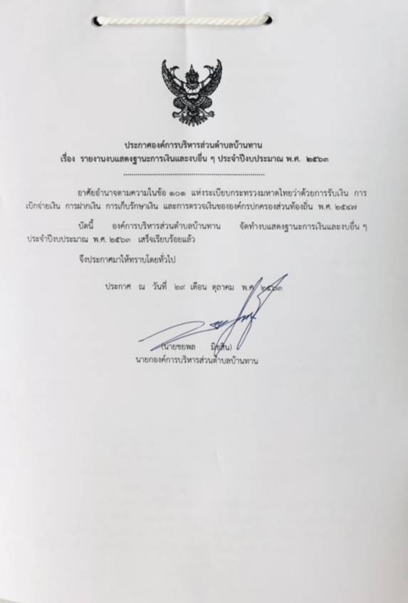 รายงานงบแสดงฐานะการเงินและงบอื่น ๆ ประจำปีงบประมาณ พ.ศ. 2563
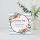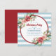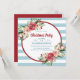 Modern Christmas Party Invitation design featuring watercolor winter florals and blue stripes background.
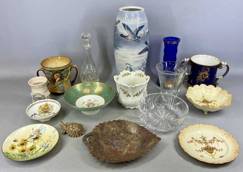 ASSORTED CERAMICS & GLASSWARE, including Bing and Grøndahl Copenhagen vase, decorated with ducks in flight, 40cms (h); Royal Doulton commemorative two-handled tankard, Edward VIII, 16cms (h); Royal Worcester two-handled tankard, cobalt blue and gilded, having panel painted with pheasants in landscape, signed J. Stinton, 16cms (h), etc.Provenance: deceased estate Conwy
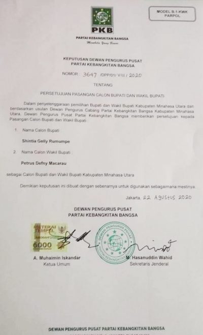 SK B1-KWK PKB, SGR-PDM Calon Bupati dan Wakil Bupati Minut Minut|29 August 202029 August 2020by redaksi sd SULUTDAILY|| Minut – DPP Partai Kebangkitan Bangsa (PKB) menyatakan resmi mendukung Pasangan
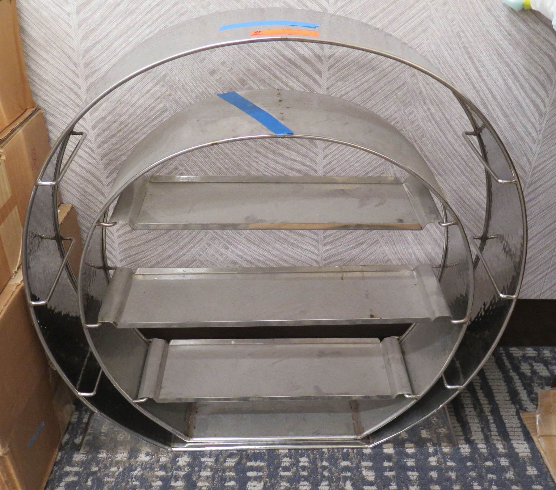 Qty 2 Round Metal Display Shelving Units 25" & 30"H
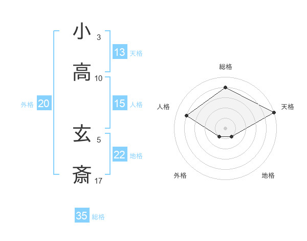 小高 玄斎さんの総格は35画の4点!
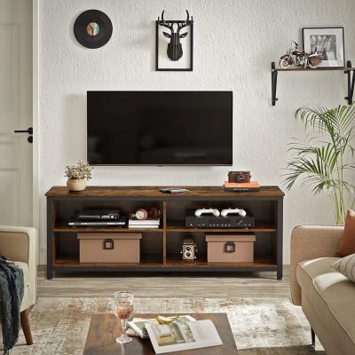 • Rugalmas tárolóhely szerint rendezve: 2 állítható polccal ez a TV-asztal 4 nyitott polcot kínál, hogy elférjen a különböző méretű tárgyak, és típus szerint rendezze őket, a könyvektől és dekorációtól a hangszórókig és játékkonzolokig.
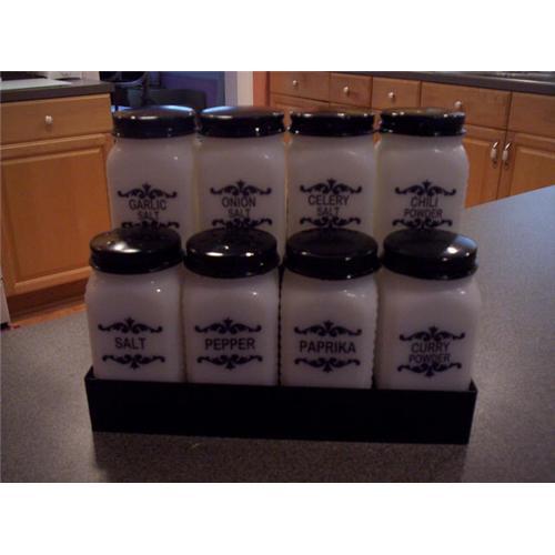 <table width="100%" border="0" cellspacing="0" cellpadding="4"><tr><td><em> </em></td></tr><tr> <td width="100%"> This is an old spice set that has been refurbished with paint and new labels. The jars, tops, inserts and rack are all original. The tops and rack have been repainted with a good job being done. The decals are new but a very close reproduction of the old Dove labels. All of the jars have inserts except for the salt and pepper. The rack can be hung on a wall or can sit on a counter. No chips or cracks are noted. In this set you have a salt, pepper, paprika, curry powder, chili powder, onion salt, celery salt and garlic salt. If you're not a purist and like the look of old, then this might be right up your alley.
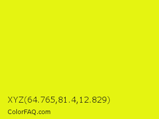 XYZ 64.765,81.4,12.829 Color is a normal yellow color and the nearest color is Piss Yellow #e1e115. Hex code #e5f411 and RGB value is rgb(229,244,17). In RGB color space, this color is composed of 90% red, 96% green, 7% blue, In CMYK color space, this color is composed of 6% cyan, 0% magenta, 93% yellow , 4% black , In HSL color space, this color has a hue angle of 64° , 91% saturation and 51% lightness.
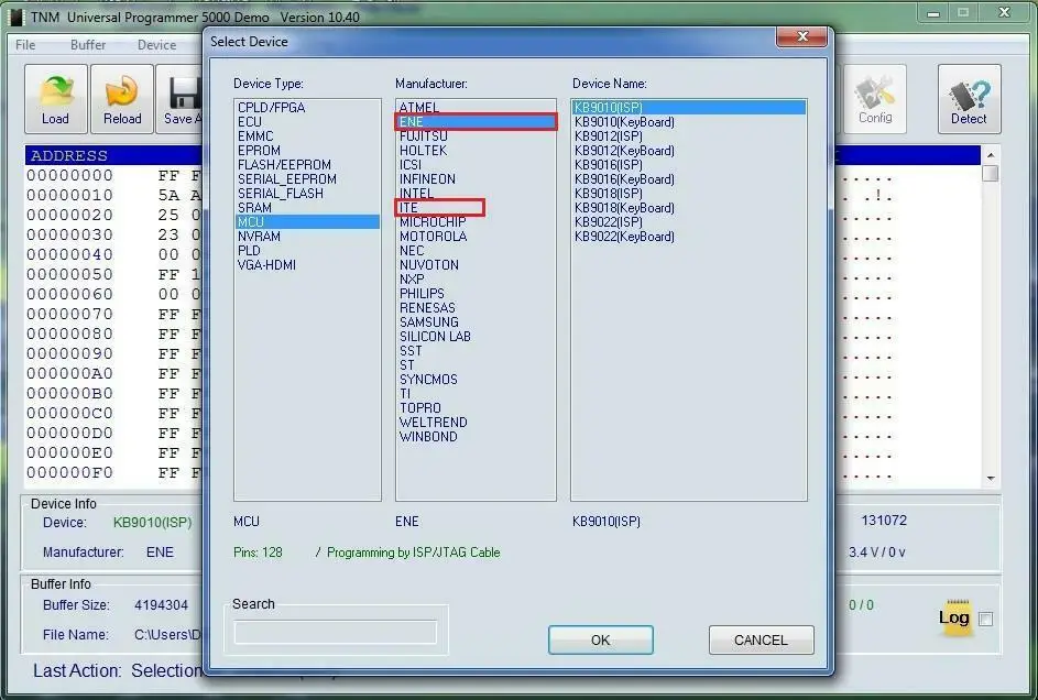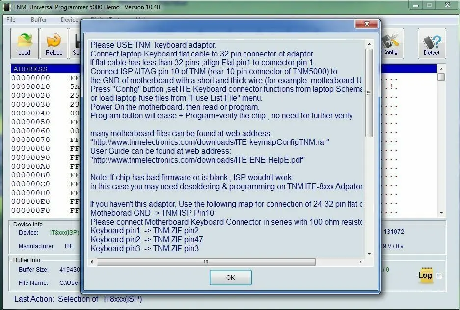 6. Нажмите кнопку "Config", установите ITE разъем для клавиатуры с функций от ноутбука схемы или загрузки файлов предохранителей ноутбука из меню "файл списка предохранителей".
===============
■ What is expected ■
Word for word, write out the lines from the top of the records above down to the line holding "hangszórókig és játékkonzolokig.", inclusive, but not the pictures.

■ Task output ■
 รายงานงบแสดงฐานะการเงินและงบอื่น ๆ ประจำปีงบประมาณ พ.ศ. 2563
 Modern Christmas Party Invitation design featuring watercolor winter florals and blue stripes background.
 ASSORTED CERAMICS & GLASSWARE, including Bing and Grøndahl Copenhagen vase, decorated with ducks in flight, 40cms (h); Royal Doulton commemorative two-handled tankard, Edward VIII, 16cms (h); Royal Worcester two-handled tankard, cobalt blue and gilded, having panel painted with pheasants in landscape, signed J. Stinton, 16cms (h), etc.Provenance: deceased estate Conwy
 SK B1-KWK PKB, SGR-PDM Calon Bupati dan Wakil Bupati Minut Minut|29 August 202029 August 2020by redaksi sd SULUTDAILY|| Minut – DPP Partai Kebangkitan Bangsa (PKB) menyatakan resmi mendukung Pasangan
 Qty 2 Round Metal Display Shelving Units 25" & 30"H
 小高 玄斎さんの総格は35画の4点!
 • Rugalmas tárolóhely szerint rendezve: 2 állítható polccal ez a TV-asztal 4 nyitott polcot kínál, hogy elférjen a különböző méretű tárgyak, és típus szerint rendezze őket, a könyvektől és dekorációtól a hangszórókig és játékkonzolokig.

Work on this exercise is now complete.